Reputation: 2577
When I join two dataframes using left join like this:
df1.join(broadcast(df2), $"id" === $"id1" || $"id2" === $"id3", "left")
Without $"id2" === $"id3"
, it executes very quickly but when both conditions are present, it becomes BroadcastNestedLoopJoin
and becomes very very slow.
Any ideas how I can improve this?
Upvotes: 0
Views: 3353
Reputation: 946
Take for example Spark 3.2.
Spark will delegate to one of the 5 available join strategies. In your case, only if you have an equi-join it can use Broadcast Hash Join(BHJ).
A join condition using disjunctive predicates like $"id" === $"id1" || $"id2" === $"id3"
is a non-equi join.
A join condition using conjunctive predicates predicate1 AND predicate2 AND ..
is an equi join.
In order to get that BHJ you can delegate to multiple equi-joins.
df1
.join(broadcast(df2), $"id" === $"id1", "left")
.join(broadcast(df2), $"id2" === $"id3", "left")
Then validate in the query plan that both joins refer to the same broadcasted data and use a broadcast hash join.

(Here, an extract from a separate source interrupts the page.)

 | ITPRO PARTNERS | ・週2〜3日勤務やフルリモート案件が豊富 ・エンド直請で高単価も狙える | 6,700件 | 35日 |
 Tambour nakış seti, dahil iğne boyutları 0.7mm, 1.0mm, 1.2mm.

Yes, you will see multiple joins but with no shuffle. Try implementing your joins in terms of equi-joins otherwise you're stuck with BNLJ.
Upvotes: 0
Reputation: 427
BroadcastNestedLoopJoin means nested for-loops to join your data-frames. It will always give a degraded performance.
Can you try below solution:
val resultPart1 = df1.join(broadcast(df2), $"id" === $"id1", "left")
val resultPart2 = df1.join(broadcast(df2), $"id2" === $"id3", "left")
val resultDF = resultPart1.unionByName(resultPart2)
Union causes zero shufflings of data across executors.Hence produces faster results
Upvotes: 6